Pr. Aly Mbaye : ‘’Cette annulation pourrait apporter aux pays africains plus de marges de manœuvre financière’’

Interpellé par ‘’EnQuête’’ sur les impacts économiques de l’annulation des dettes des pays africains comme souhaité par le président Macky Sall, le professeur d’économie à la faculté des Sciences économiques et de Gestion de l’Ucad, Ahmadou Aly Mbaye, soutient que cette annulation pourrait apporter aux pays africains ‘’plus de marges de manœuvre financière’’. ‘’Parce que le service de la dette pèse lourd dans nos budgets. Donc, si on annule ces dettes, cela permettrait aux gouvernements d’avoir plus de marges de manœuvre financière, afin d’augmenter leurs investissements et leurs dépenses de transfert. On a vu ce que l’Initiative PPTE avait apporté dans les années 2000. Cela permet d’augmenter de façon substantielle nos investissements pour combler le gap infrastructurel, mais également de se lancer dans les services sociaux comme l’éducation, la santé, la nutrition. Ce qui se passe, c’est qu’il y a un choc extraordinaire et les pays africains subissent de plein fouet les conséquences. Il y a des situations aussi exceptionnelles qui risquent de mettre en péril la stabilité des pays. Donc, c’est normal qu’on puisse compter sur la communauté internationale’’, explique l’économiste.

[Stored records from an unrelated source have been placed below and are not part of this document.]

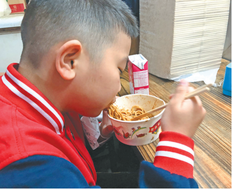 江夏区大花岭街南车花园小区门口的早餐店内,孩子正在吃“小碗面”。长江日报记者刘海锋 摄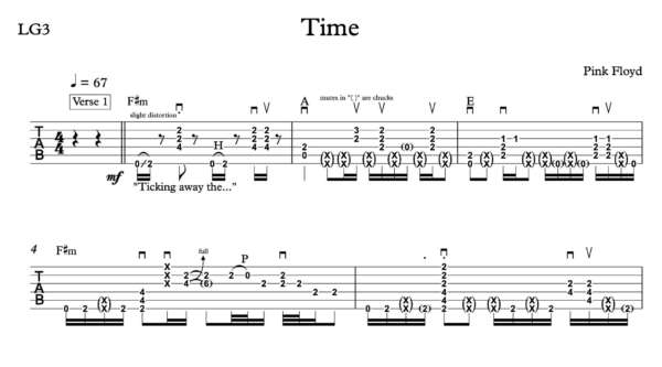 Lead Guitar Tablature for “Time” by Pink Floyd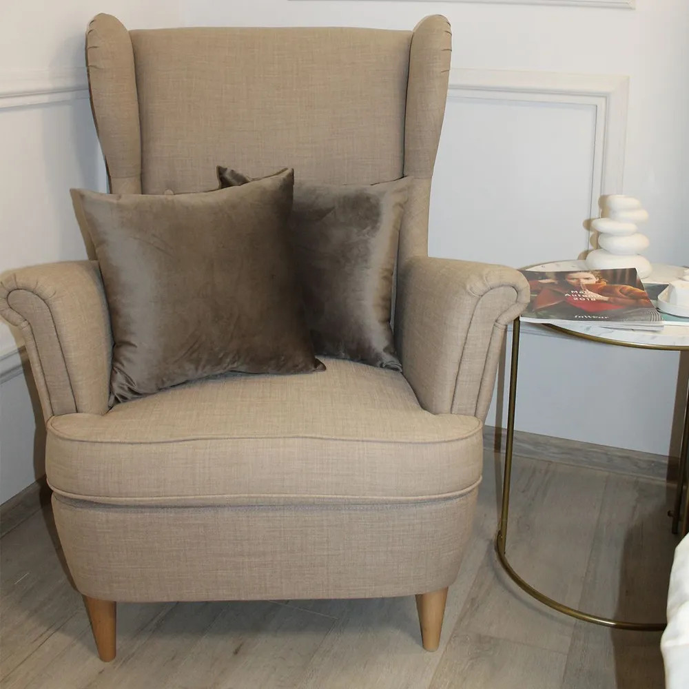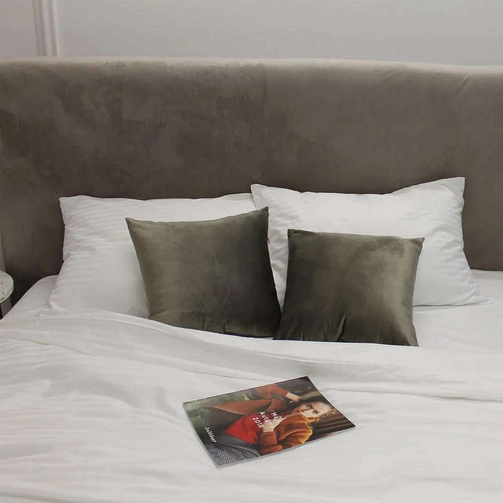 Подушки на троечку . Нитки торчали , чехол не снимается . Ткань приятная, но если замарается не понятно как стирать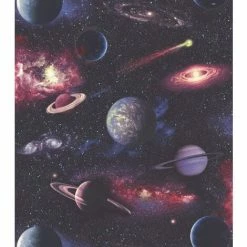 The Rasch Out of This World Planets Purple Multi Wallpaper has been specifically designed to add a touch of magic to a child’s or teen’ space. This magnificent design is from the Rasch Kids N Teens III Collection and would be the perfect fit for a space themed room. The wallpaper features a realistic, mesmerising space scene in a dazzling purple multi colour scheme. Use the Rasch Out of This World Planets Purple Multi Wallpaper throughout a room for a magical effect or mix and match with complementing designs from the Rasch Kids N Teens III Collection.. Adhesive Usage Per Roll: 1kg (On Average) Pattern Repeat / Match: 29.5cm, Offset Wallpaper Type: Non Woven Wallpaper Finish: Flat Durability: Washable Application: Paste the Wall or Paste the Paper / Check roll Direction before Hanging Roll Size: 10m x 53cm Wide Roll Coverage: 5.3 Square Metres Batch Numbers: Same Batch per Order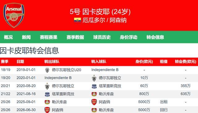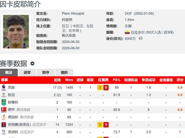 现年24岁的因卡皮耶,身高1.84米,左脚球员,主打中卫位置,也可以踢左后卫,德转估价5000万欧元。因卡皮耶本赛季至今出战了20场英超的比赛,其中17次首发,贡献1球1助,欧冠出场4次,联赛杯出场2次。阿森纳考虑到财务方面的原因,先租后买引进因卡皮耶,俱乐部已经决定今年夏窗以4500万英镑永久性引进因卡皮耶。阿森纳在中卫位置上,除了加布里埃尔和萨利巴之外,还有因卡皮耶和莫斯克拉,可谓是双保险。得防守得天下,阿森纳凭借着最强防线+角球已经成为五大联赛最强球队之一。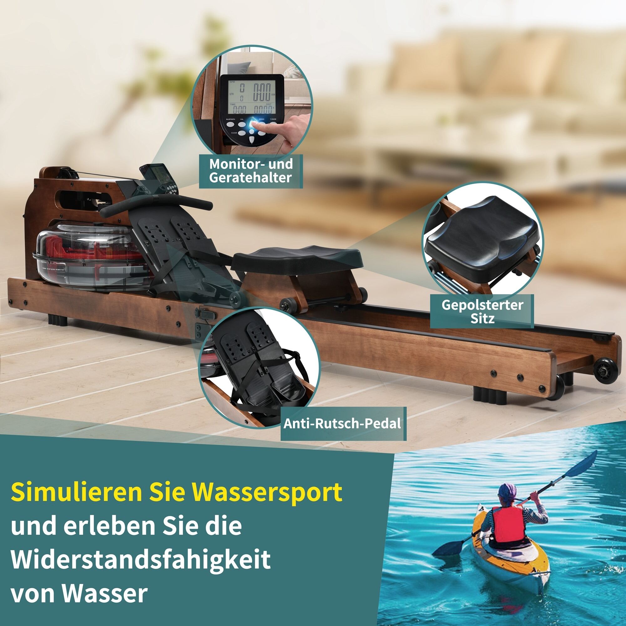 Mit unserem hölzernen Rudergerät mit Wasserwiderstand begibt man sich auf eine Fitnessreise. Dieses innovative Gerät bietet ein einzigartiges Trainingserlebnis, das sowohl effektiv als auch entspannend ist. Das einseitige Kupplungslager gewährleistet reibungslose Ruderbewegungen, während der flüsterleise Betrieb es ermöglicht, sich ungestört auf das Training zu konzentrieren.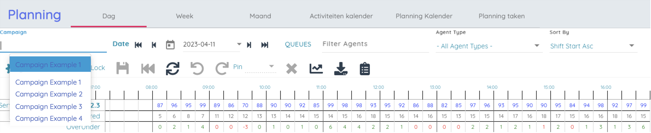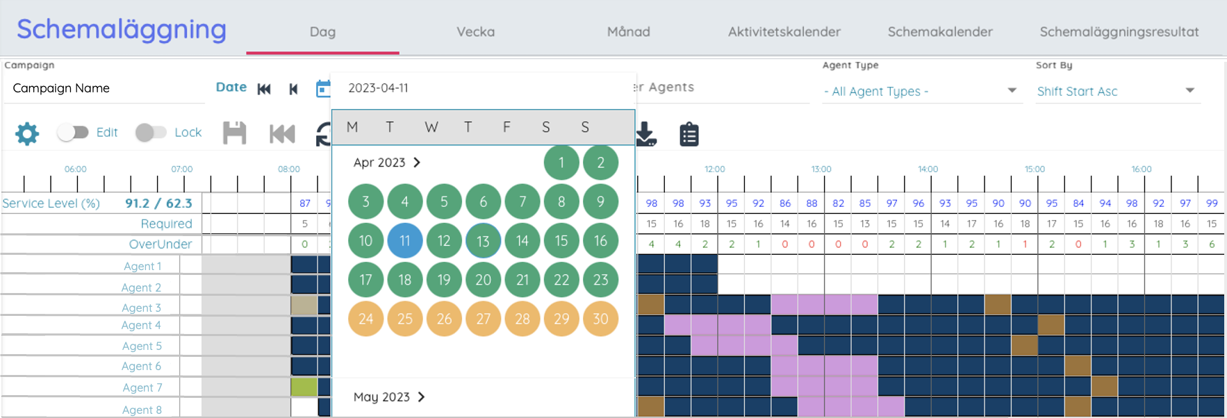 De weer te geven datum wordt gekozen door op de weergegeven datum te klikken of op de kalenderknop die een kalender weergeeft om de gewenste datum te kiezen. In de kalender zijn de geplande dagen groen gemarkeerd en de gepubliceerde dagen blauw.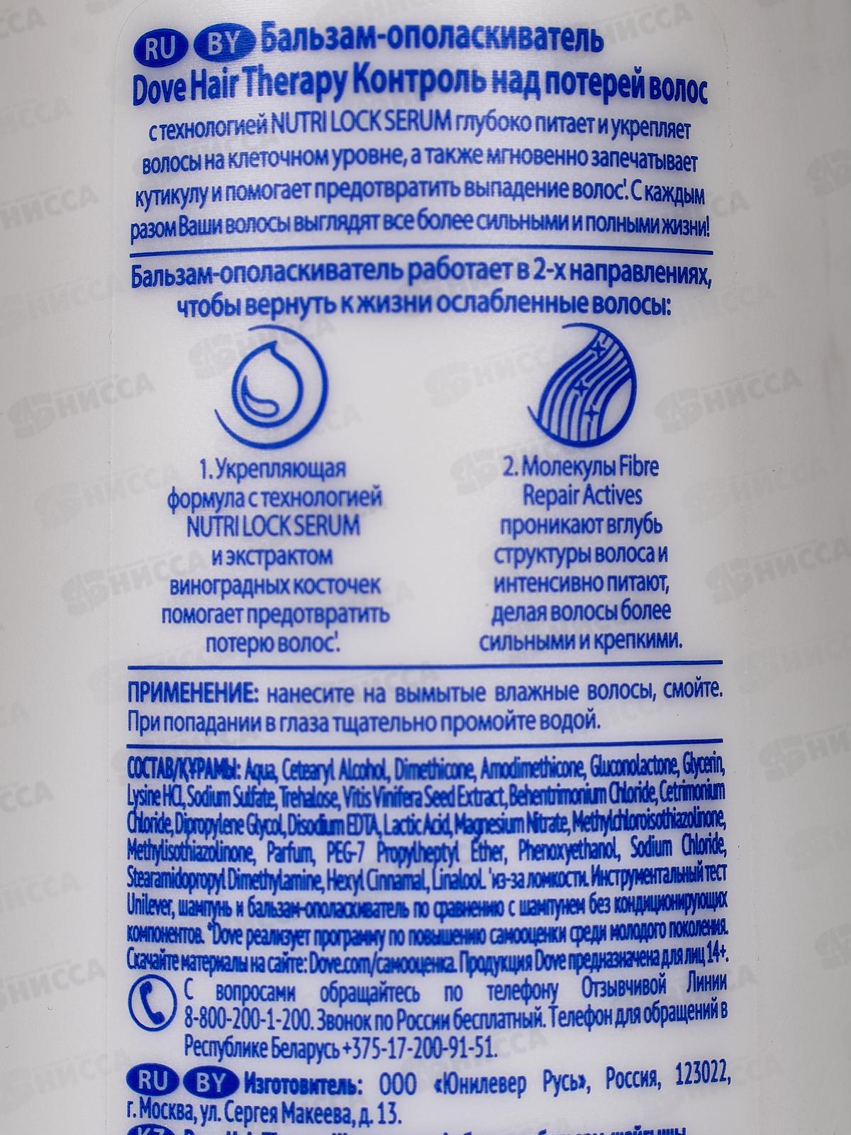 Состав: вода, цетеариловый спирт, диметикон, амодиметикон, глюконолактон, глицерин, лизин HCl, сульфат натрия, трегалоза, экстракт семян винограда культурного, бегентримония хлорид, стеарамидопропилдиметиламин, цетримония хлорид, дипропиленгликоль, динатриевая соль ЭДТА, молочная кислота, нитрат магния, метилхлоризотиазолинон, метилизотиазолинон, парфюмерная композиция, ПЭГ-7 пропилгептиловый эфир, феноксиэтанол, хлорид натрия, гексилциннамаль, линалоол.
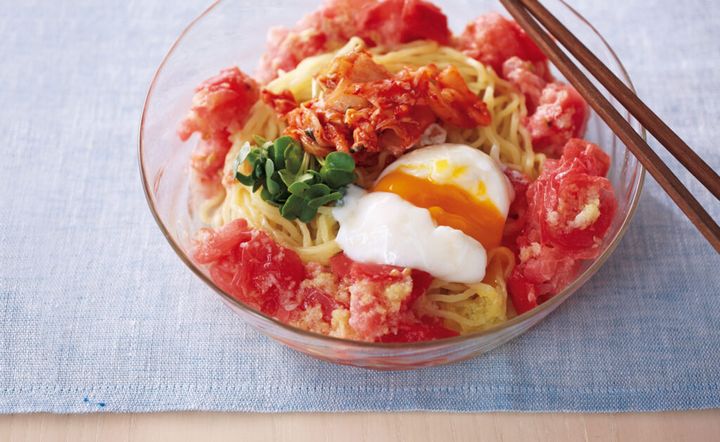 「冷凍トマト」で作る【冷製トマトのキムチあえ麺】のレシピ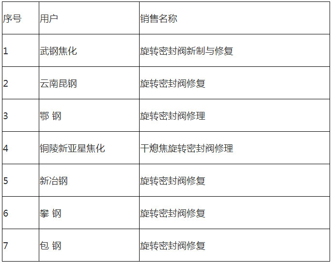 公司旋轉密封閥業績覆蓋的主要單位一覽表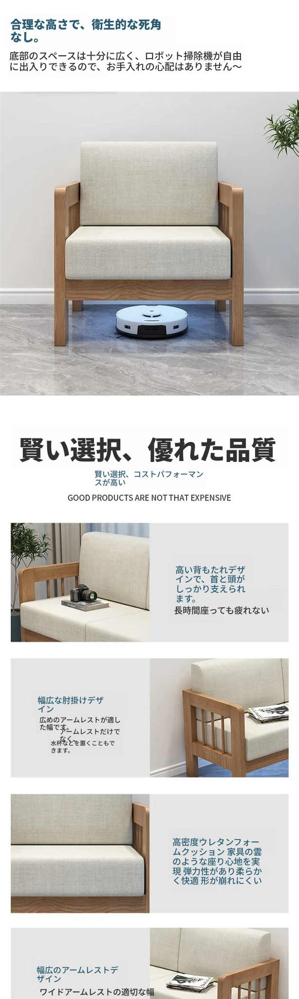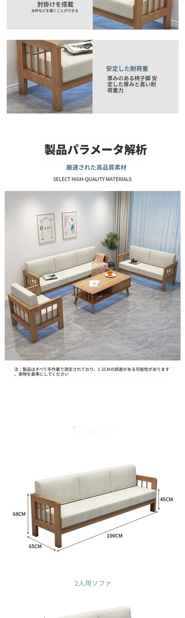 全実木製リビング用ソファ|モダンでシンプルなデザイン|家族や友人とのくつろぎに最適な多人数用布製カウチ|小型住宅にもぴったりな美しいファニチャー!

Et concernant la structure de la dette de ces derniers, le Pr. Mbaye signale qu’elle dépend des pays. ‘’Mais on les qualifierait de pas encore non-maitrisable. La dette est encore maitrisable. Mais la tendance de son évolution est importante pour la plupart de nos pays. C’est plus le rythme de croissance que le niveau de la dette rapporté au PIB qui pose problème’’, dit-il.

À souligner que les institutions de Bretton Woods que sont la Banque mondiale et le FMI ont plaidé, ce mercredi, pour le gel des dettes bilatérales des pays les plus pauvres qui en feront la demande. Cependant, l’économiste précise que ce que ces institutions ont fait, ‘’c’est dégager une position de principe’’ autour des pays. ‘’Il appartient maintenant à chaque pays de mettre en branle sa machine pour négocier avec les partenaires bilatéraux. Le FMI et la Banque mondiale sont des institutions multinationales qui ne peuvent pas dicter leur conduite aux pays’’, affirme-t-il.

Les pays étant souverains et la diplomatie, souvent bilatérale, notre interlocuteur estime que ce qui risque de se passer va ‘’plutôt être le fruit d’actions entreprises au niveau bilatéral’’ entre pays partenaires. ‘’Les États-Unis, la France, le Japon, etc., les grandes puissances ne vont pas forcément écouter ce que le FMI ou la Banque mondiale dira par rapport à cette question. Ils vont peut-être même apprécier les relations qu’ils entretiennent individuellement avec les pays et prendre des décisions par rapport à cela’’, conclut-il.